DATA BLOCK:
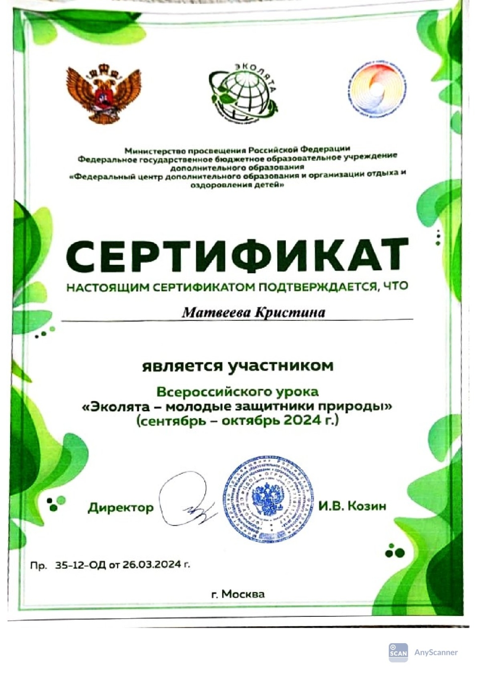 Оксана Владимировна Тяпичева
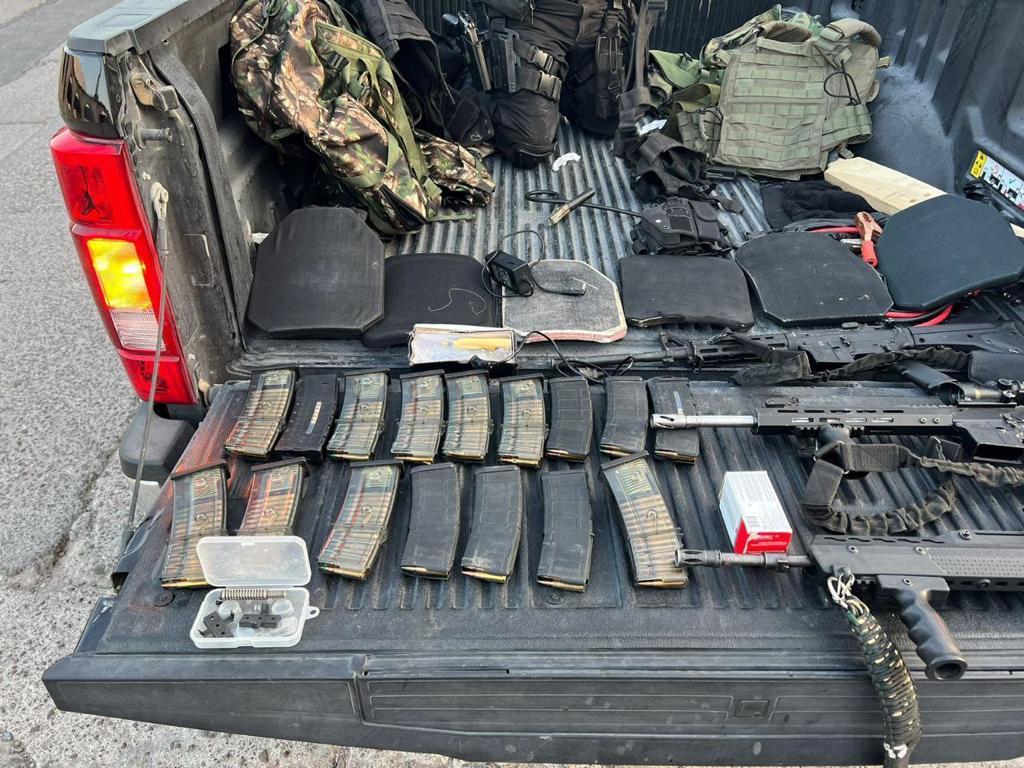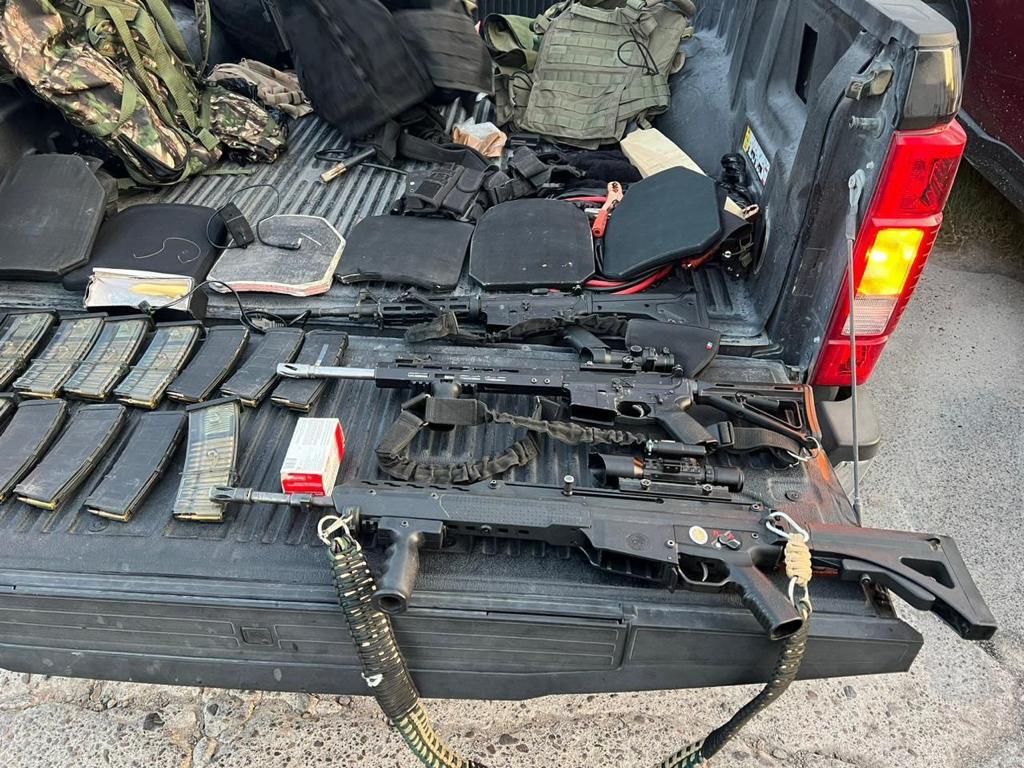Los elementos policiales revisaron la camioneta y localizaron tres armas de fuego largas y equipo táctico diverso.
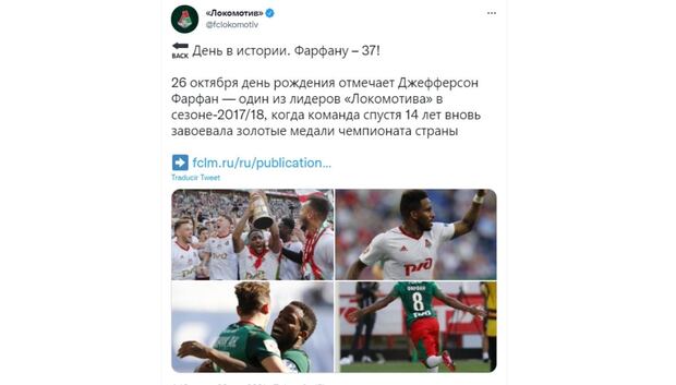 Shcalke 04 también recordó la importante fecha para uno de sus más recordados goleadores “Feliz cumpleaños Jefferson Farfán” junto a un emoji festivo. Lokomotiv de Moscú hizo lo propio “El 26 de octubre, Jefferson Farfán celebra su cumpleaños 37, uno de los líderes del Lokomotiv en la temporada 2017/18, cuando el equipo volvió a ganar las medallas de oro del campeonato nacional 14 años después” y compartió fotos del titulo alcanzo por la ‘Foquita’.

PROBLEM REQUIREMENTS: Please reprint the whole listing exactly and omit its pictures.

SOLUTION FOR THIS TASK:
 Оксана Владимировна Тяпичева
Los elementos policiales revisaron la camioneta y localizaron tres armas de fuego largas y equipo táctico diverso.
 Shcalke 04 también recordó la importante fecha para uno de sus más recordados goleadores “Feliz cumpleaños Jefferson Farfán” junto a un emoji festivo. Lokomotiv de Moscú hizo lo propio “El 26 de octubre, Jefferson Farfán celebra su cumpleaños 37, uno de los líderes del Lokomotiv en la temporada 2017/18, cuando el equipo volvió a ganar las medallas de oro del campeonato nacional 14 años después” y compartió fotos del titulo alcanzo por la ‘Foquita’.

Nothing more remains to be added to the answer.